Der VW-Dieselskandal von 2015 ist der wohl größte Skandal in der Geschichte der deutschen Autoindustrie. Er kostete Volkswagen bereits mehrere Milliarden Euro und es nimmt kein Ende. Immer noch stehen Zehntausende offene Klagen gegen den Konzern.
Nach dem Skandalmotor EA 189 ist nun durch interne Papiere bekannt geworden, dass auch der Nachfolgemotor EA 288 betroffen ist. Bis Mitte 2016 wurden dort illegale Abschalteinrichtungen verbaut, um die Abgasemissionen zu manipulieren. Der VW-Konzern versucht vehement gegen die Klagen vorzugehen. Doch wird er damit durchkommen?
Kampagne gegen Verbraucheranwälte
VW hat nun eine richtige Anti-Klage-Kampagne gestartet und begonnen, die Klägeranwälte stark zu kritisieren. Die Behauptungen des Konzerns sind allerdings sehr ominös und mit Vorurteilen behaftet.
Auf seiner Webseite macht VW deutlich, dass Kläger beim EA-288 Motor keine Chance hätten. Es ginge es nur um den Profit der Anwälte, die die Prozesse „zu über 99 Prozent“ verlieren würden. Anspruch auf Schadensersatz lehnt der Konzern entschieden ab.
Gerichte beurteilen die Situation anders
Die Oberlandesgerichte Deutschlands sehen die Lage jedoch völlig anders. Schon jetzt in der frühen Phase gibt es neun stattgebende Urteile und die Erfolgsaussichten der Kläger stünden gut.
Die Offenburger Richter gaben folgendes Statement ab:
„Ergänzend ist in diesem Zusammenhang, dass es auch konkrete Indizien dafür gibt, dass die Beklagte bezüglich der Teststandserkennung keinesfalls das zuletzt behauptete reine Gewissen hatte (…).
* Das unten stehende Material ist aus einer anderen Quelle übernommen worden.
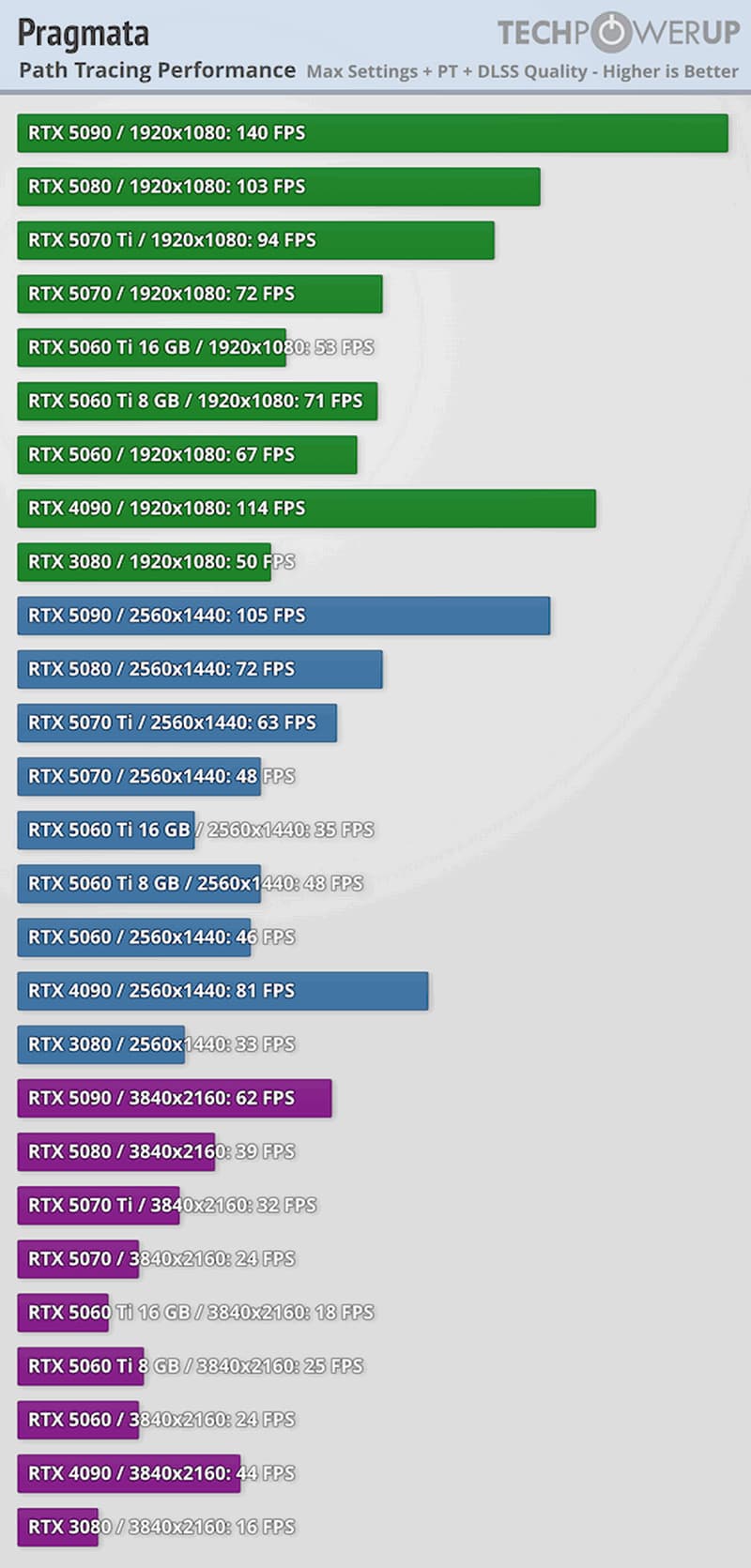 Вот этот режим уже очень требователен, но даже тут на RTX 5060 Ti 8GB в 1440p можно получить около 50 к/с, хотя уже с DLSS в режиме Quality. Также можно отметить аномалию: RTX 5060 Ti 16GB по какой-то причине заметно медленнее версии с 8 ГБ.
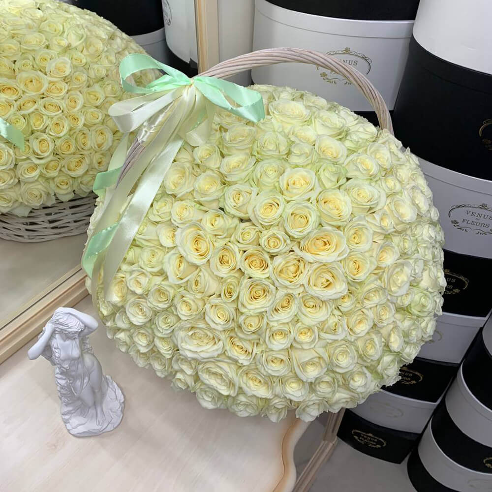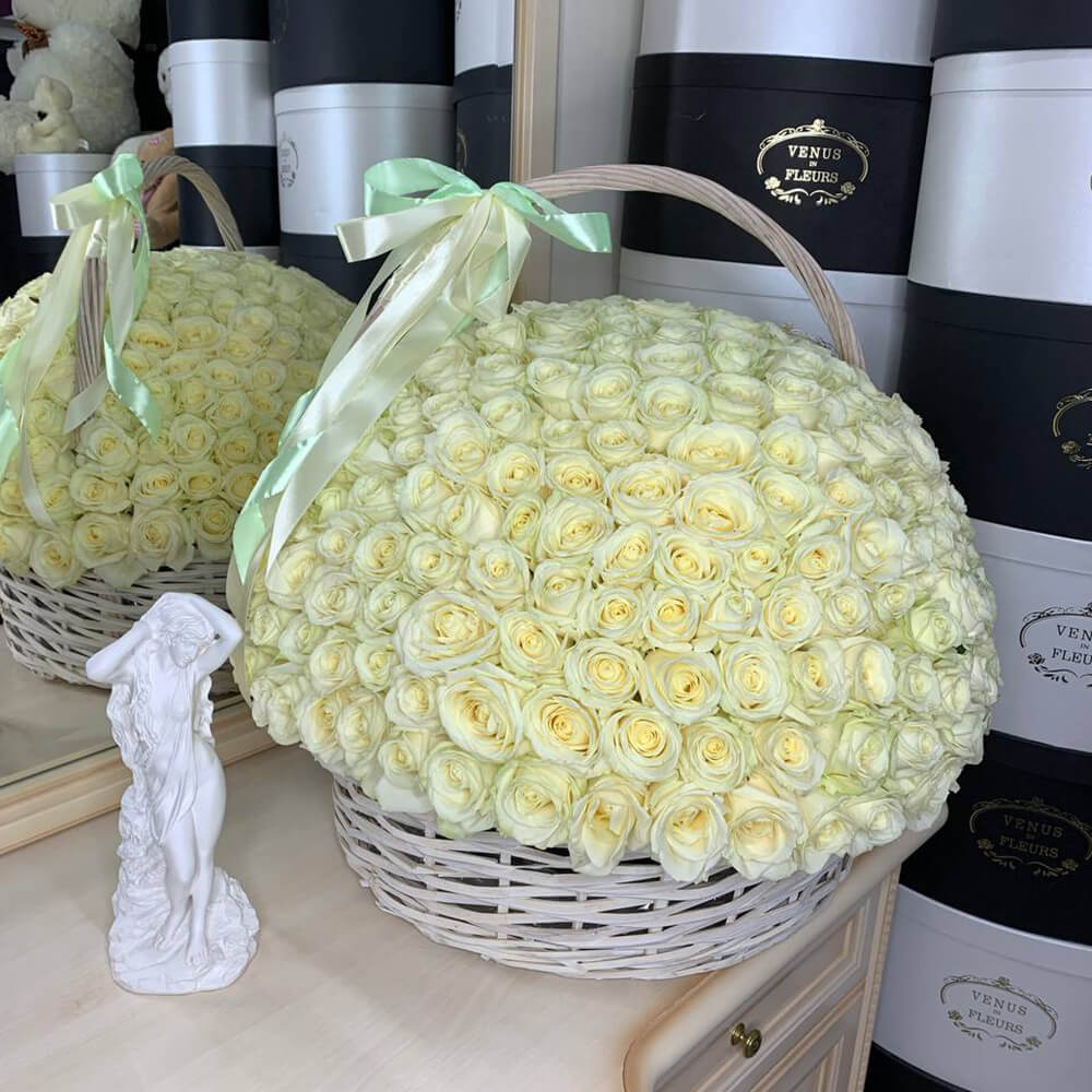 301 белая роза в корзине

Sie hat in dem Prozess die Teststandserkennung zunächst nicht eingeräumt, sondern als pauschal unzutreffend bezeichnet (…) zudem hat die Beklagte die ausdrückliche Frage, ob in dem Fahrzeug eine Umschaltlogik verbaut sei, verneint. Eingeräumt wurde die Teststandserkennung erst auf ausdrückliche schriftliche Nachfrage des Gerichts, wobei zunächst die weitere Frage, ob anknüpfend an die Teststandserkennung irgendwelche Änderungen gegenüber dem Normalbetrieb vorgenommen wurden, wahrheitswidrig mit Nein beantworten wurden.“
Mittlerweile ist bekannt, dass bei vielen Fahrzeuge mit EA 288-Motor eine illegale Dosierstrategie angewandt wird, indem die Ad-Blue-Ausschüttung in der Testsituation höher ausfällt als im Normalbetrieb. Außerdem hat das Kraftfahrt-Bundesamt bereits zwei Fahrzeugmodelle mit EA 288-Motor (T6 und Golf 7) aufgrund illegal verbauter Abschalteinrichtung zurückgerufen.
Bei Gerichten, die EA 288-Klagen bisher abgewiesen haben, findet deshalb nun ein Umdenken statt.
VW hingegen verschweigt all die Aussagen der Landesgerichte auf seiner Internetseite. Dort ist außerdem nur von sechs stattgebenden Urteilen die Rede, von denen drei durch prozessuale Fehler von Volkswagen zustande gekommen wären. Wie lange der Konzern mit diesen falschen Behauptungen noch durchkommt, wird sich zeigen. Die zweite Klagewelle baut sich jedenfalls gerade auf und die Chancen für die Kläger stehen definitiv besser, als VW vorgibt.
Bei der ersten Klagewelle war es ähnlich: auch dort sind Anwälte zunächst belächelt worden, waren aber schließlich erfolgreich.